Just in case, my understanding is that
fip.bin file stays the same when switching back to 1.6 GHz?
When running 1.2 GHz but with ath10k official (non-ct) firmware - this seems to be stable for last couple of days.
Once I get bit more free time, I can try to check behaviour of ct firmware between 1.6 GHz and 1.2 GHz. Anyone interested, let me know please.
@mcbridematt If you don’t mind, I would suggest to list
bl2_qspi.pbl files for each new firmware directory for 1.2 and 1.6 GHz with instructions how to flash them. For my use cases, it seems I/O is the crucial part of performance, so I am OK to run my router at 1.2 GHz as it is much quieter. But it would be great to switch to 1.6 GHz if required in the future.
That is correct, the U-Boot/BL3 (fip.bin) change is needed to instruct the voltage regulators to change to 0.9V when running at 1.2GHz. When the CPU is started at 1600MHz it does not change any settings.

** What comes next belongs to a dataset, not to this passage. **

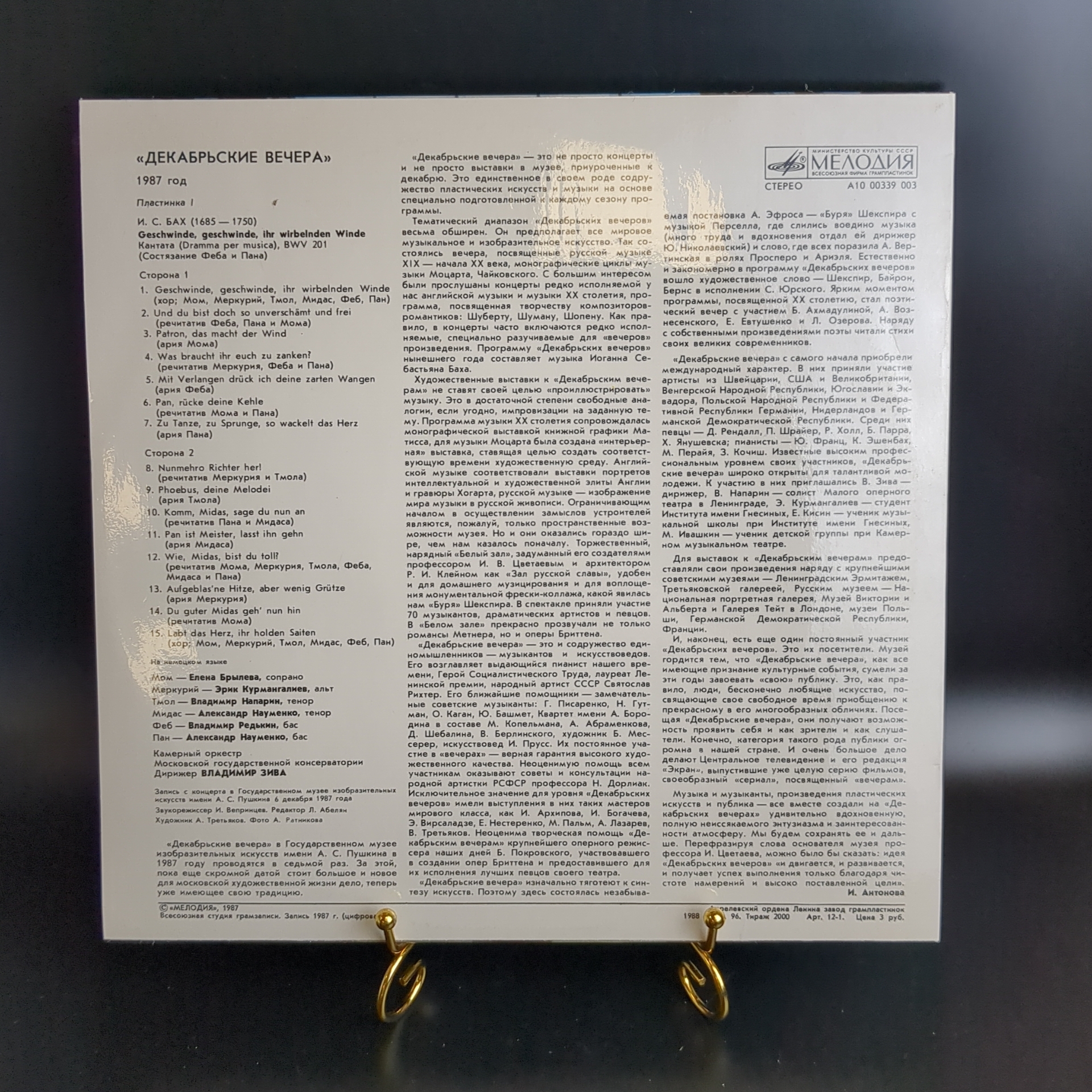 LP И. С. Бах. Декабрьские вечера. Пластинка №1. Концерты в государственном музее изобразительных искусств им. А.С. Пушкина. 1987г. Виниловая пластинка 12 дюймов. Мелодия СССР 1987 год.

We will put it this change into future firmware versions.
Can certainly be done.
I’ll put the cpufreq on my TODO list. I think some other bits (e.g voltage regulator control) may be needed to make it effective.
I encountered something similar to these messages while updating our OpenWrt builds today, so I don’t think it’s related to the 1.2GHz CPU speed.
Could you try removing ath10k-ct and the -ct firmware and installing the ‘plain’ (upstream) versions:
opkg remove kmod-ath10k-ct ath10k-firmware-qca988x-ct
opkg install kmod-ath10k ath10k-firmware-qca988x
reboot # required to start with the normal ath10k driver and firmware
This works for the WLE600/900VX card, if you have something else check the system log to make sure you remove and uninstall the right firmware package.
@mcbridematt Thanks for the info. I switched to the plain firmware sometime ago indeed (please see Cpu temperature and fan speed - #9 by wrobell). It has been running without any issues for about 10 days, now.
I have changed few things when setting the router to run at 1.2 GHz CPU speed. None of the software related - new radiator on SSD drive, new location of the router (and thus the need for it to be quieter ;)), new arrangement of the antennas. After that, I had started to notice the wifi issue, and then the messages. If the issue existed before those various changes, then it had to be really rare, and then to intensify as I started to get it once an hour.
I am happy with the plain firmware, so lost motivation for further investigation. But I suspect, something had to trigger the wifi issue. If I can provide some useful info, let me know please.